It just occurred to me that the 'lt syntax for lifetimes does (I think)
provide an unambiguous way keep the pointed-to type right next to the &
sigil:
'lt&T
Here, the usual & sigil becomes 'lt&, which taken together is a prefix on
the type T.
In this notation, there is still a clear distinction between Niko's examples
below, which become
'b&T
&'b&T
I'm not sure whether I like it better or worse than the prevailing
alternative
&'b&T (with the opposite meaning!)
&&'b T
I believe it does address James Boyden's goals (below) 2a and 2b, although
not 2c, and this issue is orthogonal to 2d. Since I resonate with 2a and 2b
myself, I lean toward thinking I like this alternative approach a little
better.
Dean
James Boyden had written:
>
> For the above reasons, is there any way that the lifetime syntax
> could be moved *after* the type? The current proposal of `&'lt Foo`
> does address the ambiguity described in point 2b, but not 2a or 2c.

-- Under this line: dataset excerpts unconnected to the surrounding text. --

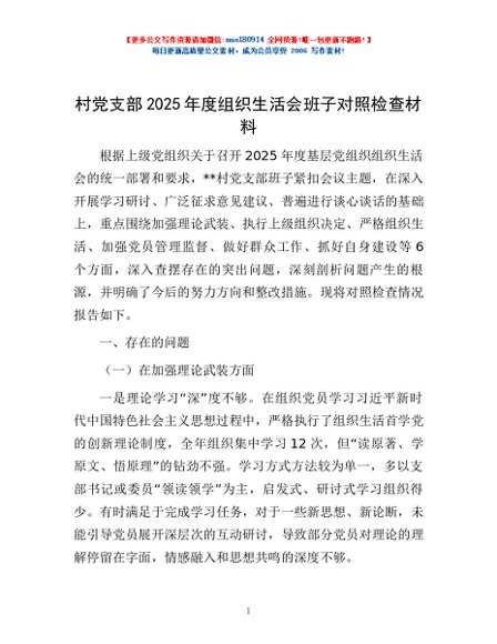 / 村党支部2025年度组织生活会班子对照检查材料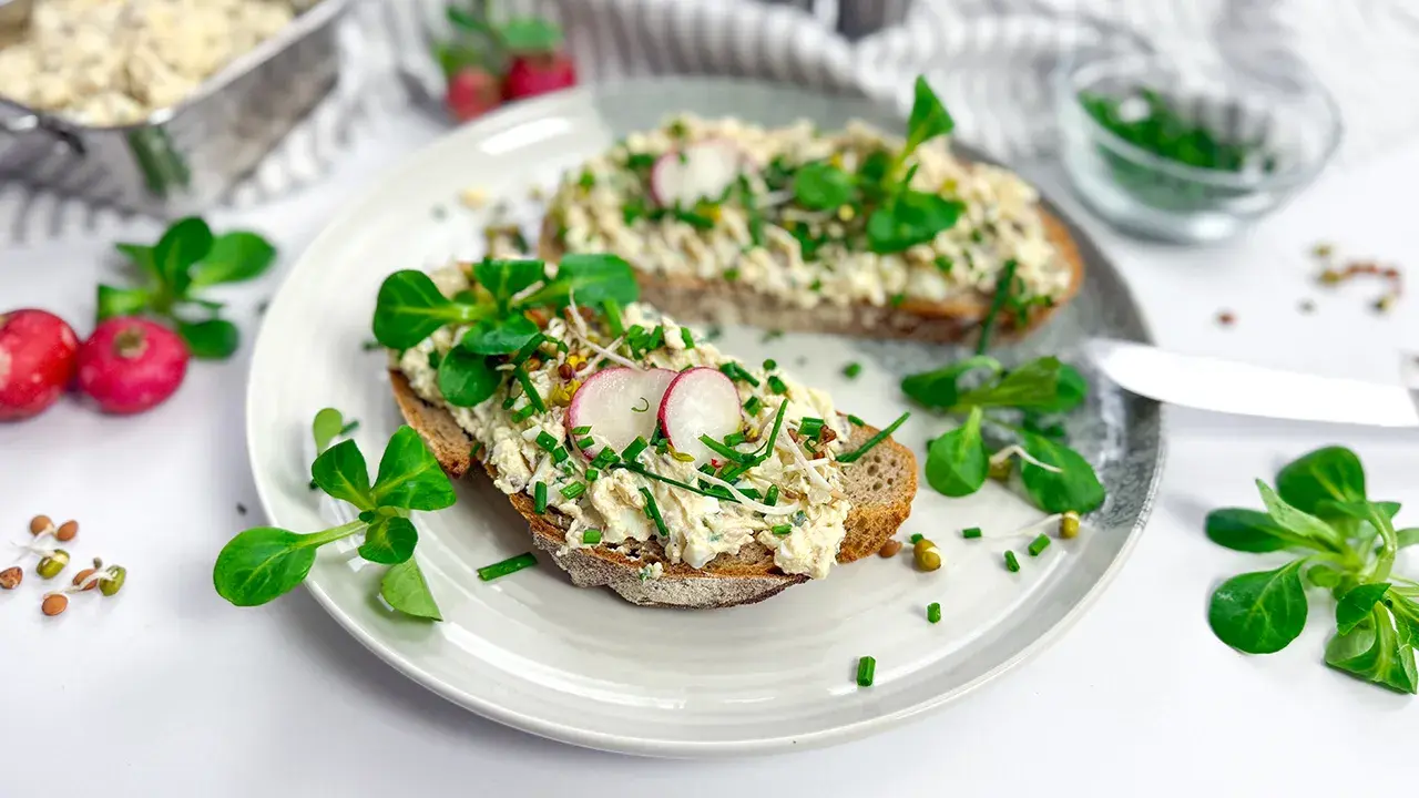 S tuňákem: Přidejte k vajíčkům konzervovaného tuňáka ve vlastní šťávě, který pomazánku krásně dochutí a dodá další dávku bílkovin. Skvěle se hodí i pár kapek citronové šťávy.
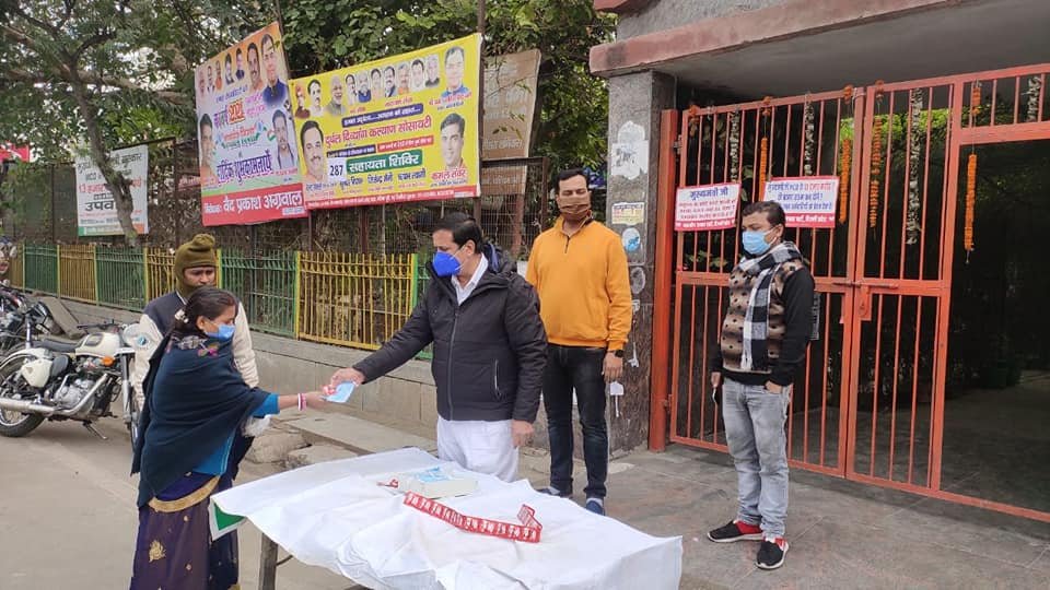आज दिनांक 8 जनवरी 2021 को 287 वें दिन दुर्बल दिव्यांग कल्याण सोसायटी के तत्वावधान में आयुर्वेदिक काढ़ा, सेनेटाइजर के पाऊच व मास्क वितरण किए गए।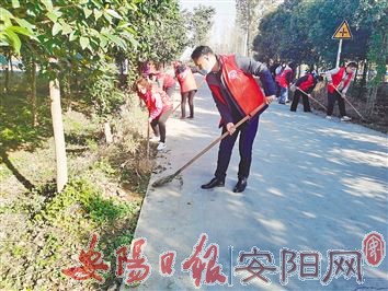 为助力乡村振兴工作,11月16日上午,曙光路街道组织党员干部深入柏庄镇沙高村,对村内环境卫生进行整治,并帮助脱贫户打扫室内卫生。图为党员干部清理主干道旁边的落叶和杂草。(王 超 摄)
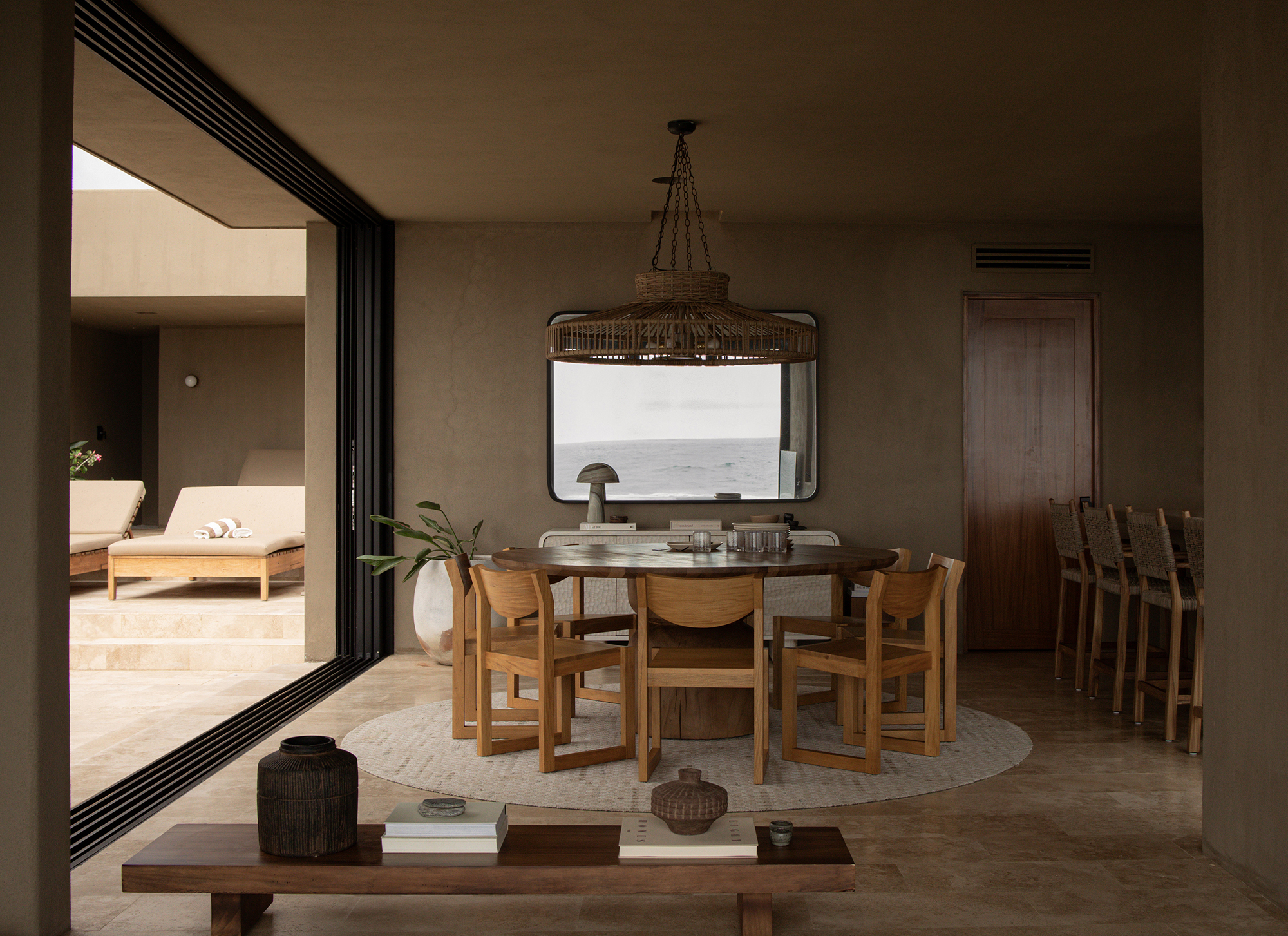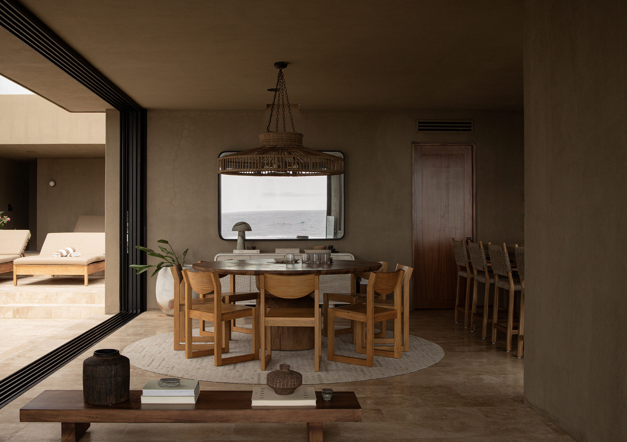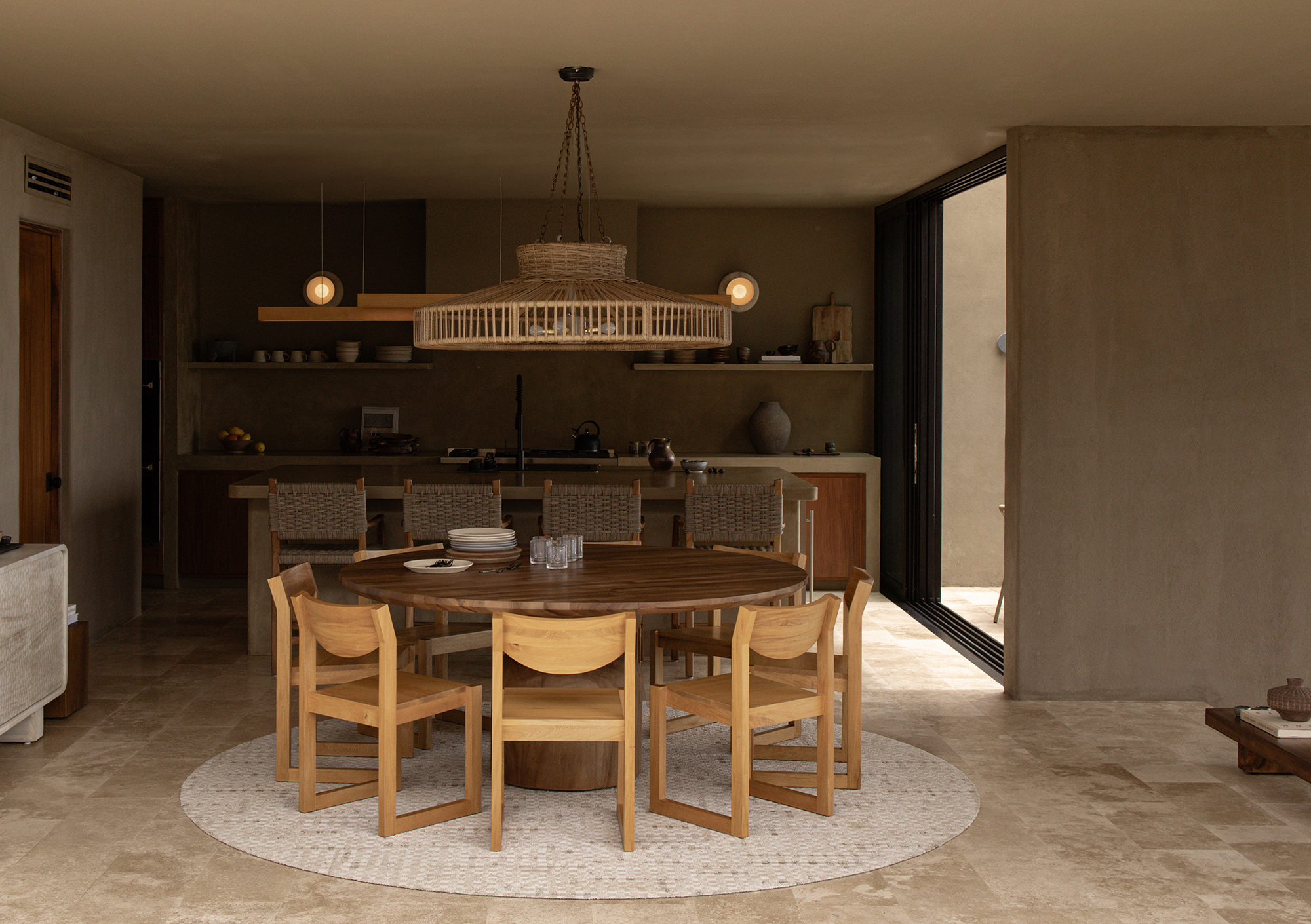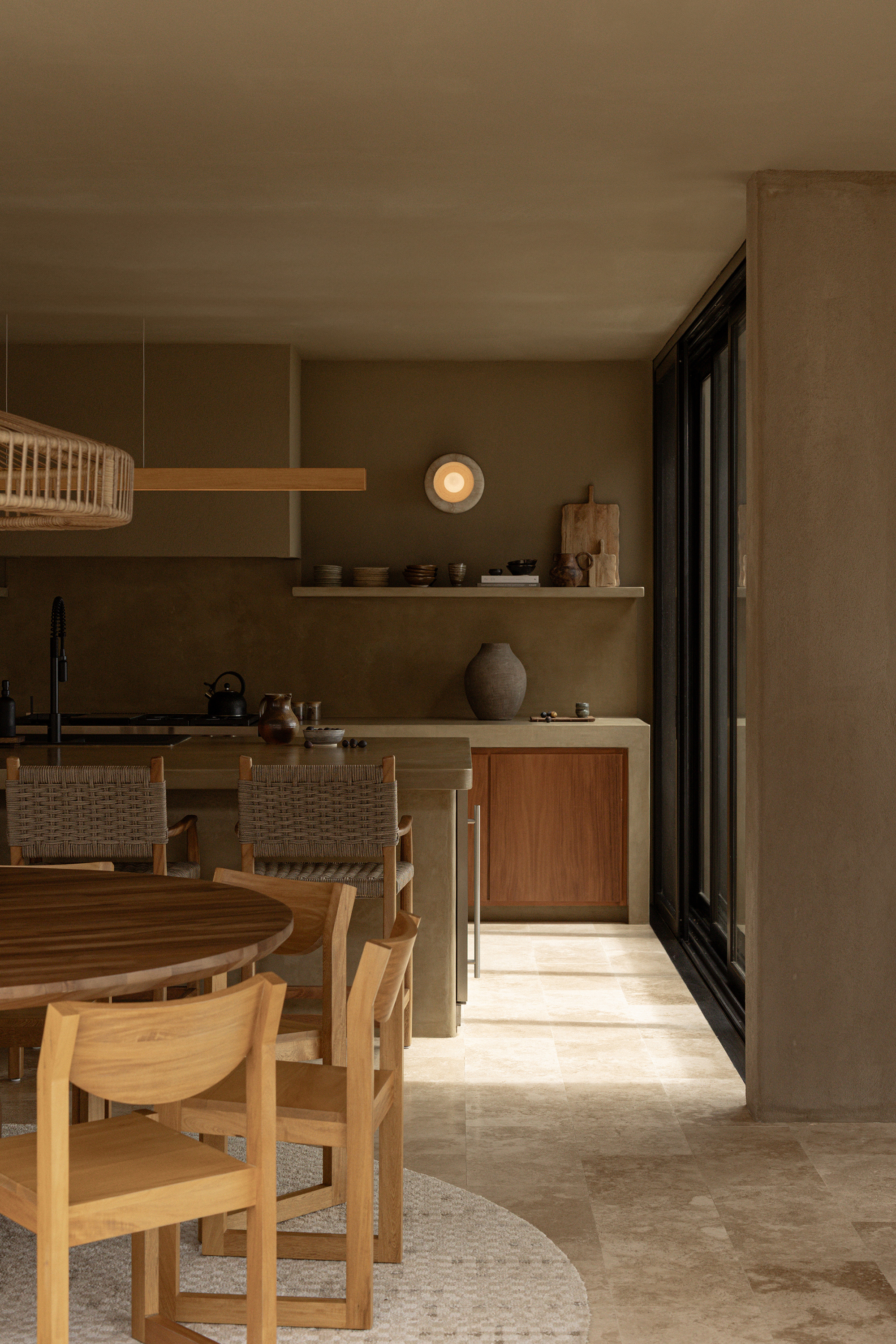 Yet Atlas goes beyond the domestic: it is also a meeting point for local farmers, fishers, and chefs—a place to exchange ingredients, knowledge, and stories. Tradition and hospitality intertwine, creating a community dynamic that enriches everyone involved. Everyday life is elevated by Mexican craft: clay vessels shaped by hand, furniture made from local woods with expressive, imperfect grain, stone lights carved by Mexican designers. Walls are adorned with woven textiles by women artisans, bringing warmth, intimacy, and timeless beauty to every space.

> (The `/` sigil itself actually doesn't faze me that much.)
Niko Matsakis had written:
> We considered this, but it's very hard to mix prefix and postfix notation like
> this without ambiguity. Consider:
> &&T/b
> Is this:
> &'b &T
> or
> &&'b T
>
> I suppose we could just resolve it arbitrarily, like if-else-if chains.
More completely (for reference), James Boyden had written:
> For what it's worth, here's my 2 cents:
>
> 1. Borrowed pointer lifetimes are a very interesting concept. I think
> they definitely enrich Rust. However...
>
> 2. The current syntax of `&lifetime/type` completely threw me when
> I first saw it in the wild (before reading up on the topic in the
> tutorials). I'm concerned that this could be something that might
> push Rust slightly too far towards "obscure academic theory language"
> for many C++ programmers. Specifically:
>
> 2a. I'm used to seeing the pointed-to type right next to the pointer.
> I can mentally reverse C++'s `int &p` to `p: &int` without problems,
> but having extra line-noise in there seems to stretch my on-the-fly
> language-parsing capability beyond its limits -- particularly so when
> the identifiers both before and after the `/` look like types, and
> there's no whitespace breaks to guide my mental tokeniser.
>
> 2b. I found the `p: &r/float` syntax especially confusing in that
> sometimes, without any prior or intervening warning, the next token
> after the borrow-pointer sigil `&` was a lifetime instead of a type
> (but of course, not all the time). When you're mentally parsing it,
> you don't get any explanation of what you're reading until *after*
> you've read those tokens.
>
> 2c. I care more about the pointed-to type than the lifetime (at least
> on my first scan through the function parameters), so I'd strongly
> prefer to have the pointed-to type closer to the front, and closer to
> the parameter name and pointer sigil (i.e., before the lifetime name).
> This has the additional benefit that now all the parameter type info
> is together, followed by the lifetime info.
>
> 2d. `&` means "pointers" or (occasionally) bitwise-AND. Please don't
> use it for any other plumbing! (I'm thinking of "Lifetime parameter
> designated with &" in the previous notation.)
>
>
> For the above reasons, is there any way that the lifetime syntax
> could be moved *after* the type? The current proposal of `&'lt Foo`
> does address the ambiguity described in point 2b, but not 2a or 2c.
> (The `/` sigil itself actually doesn't faze me that much.)